Литмир - Электронная Библиотека

И все же Цезарь беспокоил меня. Вдруг он начал хиреть на глазах. Я уже вынырнул на поверхность и, вспоминая самые любопытные случаи из первого моего полувека, вновь поверил в свою правду и доверился ей. Ел я жадно, переваривал превосходно, без одышки отбарабанивал с утра свои пятьдесят приседаний. А Цезарь к концу второй недели уже страдал от бессонницы, потерял аппетит, и наконец, заболел мучительным бронхитом со страшными приступами кашля. Однако врач обложил его вшивым ипохондриком, и Цезарь возвратился в камеру, не получив даже и таблетки для успокоения кашля и страха.

С того дня между нами все пошло вкось и вкривь. По ночам меня будил его кашель. Я слышал, как он хнычет в страхе перед болезнью, как проклинает мой здоровый сон и скотское равнодушие. Однажды ночью он бросился на меня с кулаками:

— Не храпи! — орал он. — Перестань храпеть, сукин ты сын, перестань!

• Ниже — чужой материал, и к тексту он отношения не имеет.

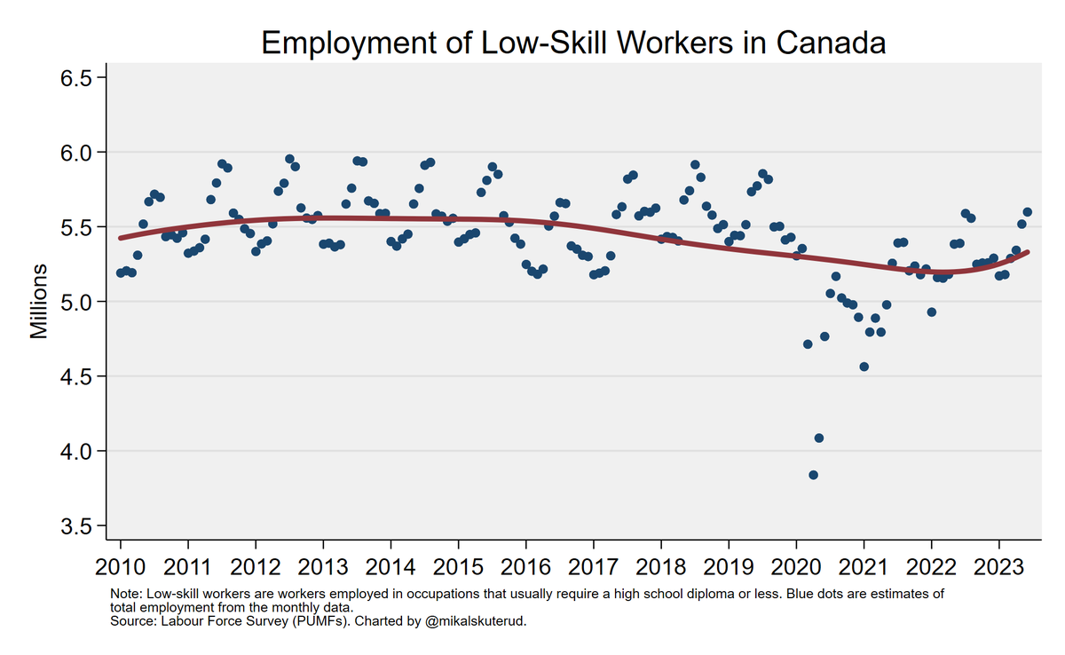 And if you think declining wages of Canada's low-skill workers in recent months reflects decreasing demand, think again.

Я предельно вежливо извинился перед ним. Однако это мало что могло изменить. В Цезаре проснулась зависть, и зависть эта стала вырываться наружу, перерастать в ненависть. Я не хотел этого, но был бессилен. Чтобы поразвлечь и потешить его, я принялся выковыривать из памяти самые презабавные истории, довольно детально расписывал достоинства некоторых знакомых женщин. На день-два он оживился. Слишком поздно я спохватился, что женщин было у него очень мало и что ни одну он не сумел полюбить по-настоящему, так, чтобы на всю жизнь врезалась в память. Не желая того, своими историями я окончательно выбил его из колеи. Я переменил тему, бабьим прелестям предпочтя Принстон, где с весны до осени сорок пятого года я работал помощником садовника в Институте физики, медленно, но верно поправляясь от ран, полученных в последнем моем военном рейсе. Я попал туда по протекции старшего офицера, брат которого работал в администрации института, и рассказывал я Цезарю не о своих ничтожных хлопотах, о цветочках и газонах, а о профессоре Альберте Эйнштейне, жившем и работавшем в те годы в Принстоне. Я знал, кто он, однако совершенно не понимал, почему его считают величайшим ученым нашего времени.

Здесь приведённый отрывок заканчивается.